Jason Segal (left) and Jeff Helms in 'Jeff, Who Lives at Home'

As the last of the films fly by, and summer turns to fall, I look back and wonder, what the hell was all that about. While on the treadmill of the TIFF industrial complex, you keep looking for the meaningful moment, that grail of any festival quest. Most of them were in the movies, and it’s been a rich harvest, as my ever expanding list of favorites suggests. But at a festival on the scale of TIFF, no matter how assiduously you apply yourself, there’s always a nagging feeling that you’re missing out on a more essential experience  taking place somewhere you’re not. TIFF is a many-forked maze of roads not taken. Especially if your goal is to crack the party scene. (Just ask our ingenue glitz correspondent, Jessica Allen.) The TIFF industrial complex kept me so busy this year that I’ve had a virtually party-free festival. Maybe just as well. But a few nights ago, I was invited to a small Paramount dinner in a lovely Italian restaurant to celebrate the premiere of Jeff, Who Lives at Home, directed by the brothers Jay and Mark Duplass (Cyrus). And for once I had that remarkably rare feeling that I was in the right place at the right time. At the table with the cool kids.

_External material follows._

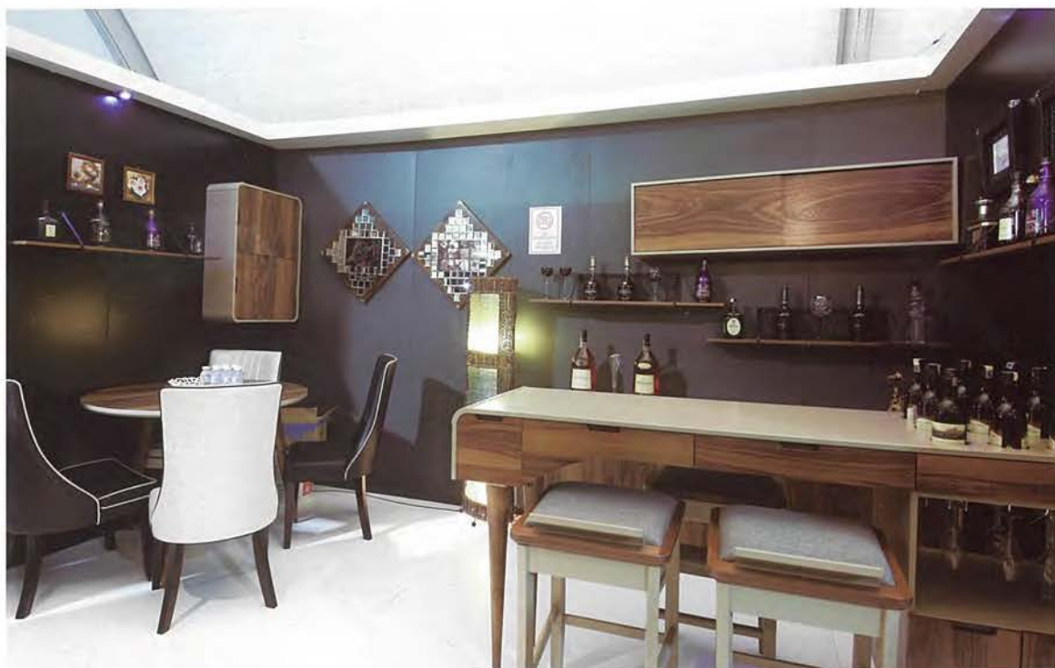
■民用家具组白金奖 (VENICE)

There were place cards. I was seated across from director Jason Reitman (Juno, Up in the Air), who is one of the producers on Jeff. I’d bumped into him earlier, as we both came out of  50/50, the cancer comedy starring Seth Rogen and Joseph-Gordon Levitt. He’d told me he was trying to keep a low profile. Such a low profile that he didn’t bring his latest film to TIFF, even though it was ready in time. Over dinner, I asked why. He didn’t really have answer. He conceded he’d had great success premiering his first three features at the festival. (And his family, after all, is a major benefactor of the TIFF Bell Lightbox.) But for reasons he couldn’t, or wouldn’t, explain, he said it “just felt right” to keep his fourth feature, Young Adult, under wraps until its December opening. Scripted by Juno writer Diablo Cody, Young Adult stars Charlize Theron as a fiction writer who goes home to Minnesota to rekindle a romance with her married ex-boyfriend. Or at least that’s what it says on IMDB. I sensed Jason wasn’t super-keen to talk about it yet. It only occurred to me later (doh!) that Reitman may have felt the buzz around Up in the Air‘s—which was the hottest film at TIFF in 2009— peaked too early. It received zero Oscars.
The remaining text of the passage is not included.